In the time between GKMC and TPAB we as a nation watched numerous young males get gunned down by the police. Every month we saw a new name hashtagged, a new grieving mother interviewed, a new spiteful chant screamed by an angry populous, unfortunately we got the same results; not guilty.  

Kendrick saw this and felt the pain we all did, so he decided to make an album that was profoundly black. Shit the cover is a group of niggas mobbin on the white house lawn. This is blackness. 

When it came out it was lauded as a classic, it won Grammys and was treated as the second coming of Christ. To be honest I wasn't much of a fan. It felt like people exaggerated its greatness because they felt guilty about Macklemore and seeing dead black males on TV, so instead of creating an opinion they agreed that it was great. "I'm not a racist, I LOVE TPAB" 

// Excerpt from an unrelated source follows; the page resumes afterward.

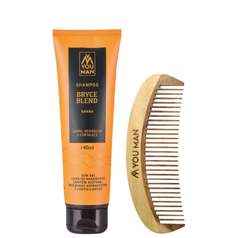 O Kit You Man Grooming Bryce Blend Fortificante + Pente conta com um shampoo fortificante que deixa os fios limpos, saudáveis, hidratados e com brilho renovado, além de auxiliar no controle da oleosidade, deixando um toque sedoso. Também acompanha um pente de madeira curvo, que faz com que os fios não arrebentem e ainda ajuda no controle do frizz uma vez que a madeira age como neutralizador da estática dos fios.
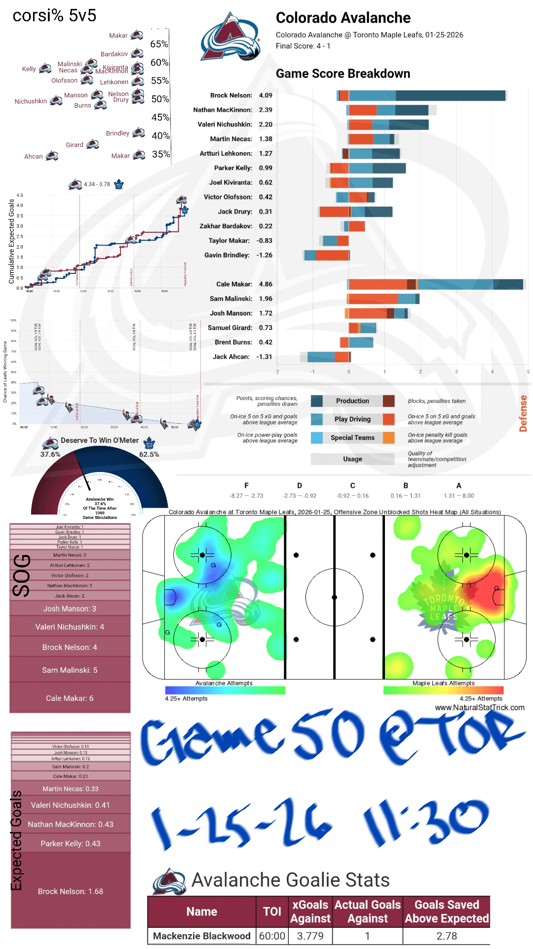 Was rewatching the highlights and just have to smile at the Josh Manson dangle. That guy!! He is having a year and I love it. Too bad he didn’t score there.

Now however, I'm in a different headspace, I just watched another black man get gunned down, my dads in Zimbabwe while there's riots going on throughout the capital, I feel tense hopelessness as a black man in the world. With all the potential I've been taught to believe in I don't know where to apply it; this is how Kendrick feels. 

This album is Kendrick saying "I am in strange place in my life, people love me for my talent but hate me for things I can't control" He wants to do everything on every track: save the world, express his anxiety and shame hoes. Man he really does love shaming hoes. 

Rap is misogynistic, a lot of it is based in hyper masculinity, being a "superthug" so with that ideal comes the idea that women are not to be respected. There have been strides made but there's also a long way to go. Kendrick's kind of misogynistic in the sense that he likes to tell women how they SHOULD act. This is to me is worse than a Gucci or Migos level of misogyny because Kendrick is supposed to be "WOKE". Where Migos and Gucci rap about what they know and when they learn more they change their perspective, Kendrick almost refuses to. From his first mixtape to now Kendrick's vision of the world has been molded and shaped by new vast experiences, but at the same time he's referred to women the same way for like 6 years. I could go on and on about this subject but I'll save it for a conversation about feminism with a girl I wanna sleep with. 

Now besides all this, To Pimp A Butterfly is a very uncomfortable album. Some tracks are turnt, some tracks are relaxed, Kendrick does a spoken word poem/conversation with 2pac, its hard to read. Remember that seen in Boyz n Da Hood where Tre throws air punches cuz he feels so angry about how helpless he is? This album is like that for about an hour. 

Despite the unorganized thought and passion, I respect that Kendrick made this album. It feels like I've peaked into the mind of a young black man who's got the whole world on his shoulders. To Pimp a Butterfly is a hiphop anxiety attack. Sometimes I need to listen to it, but most of the time I can do with out. 

I give this 8 cans of Murray's Beeswax out of 10.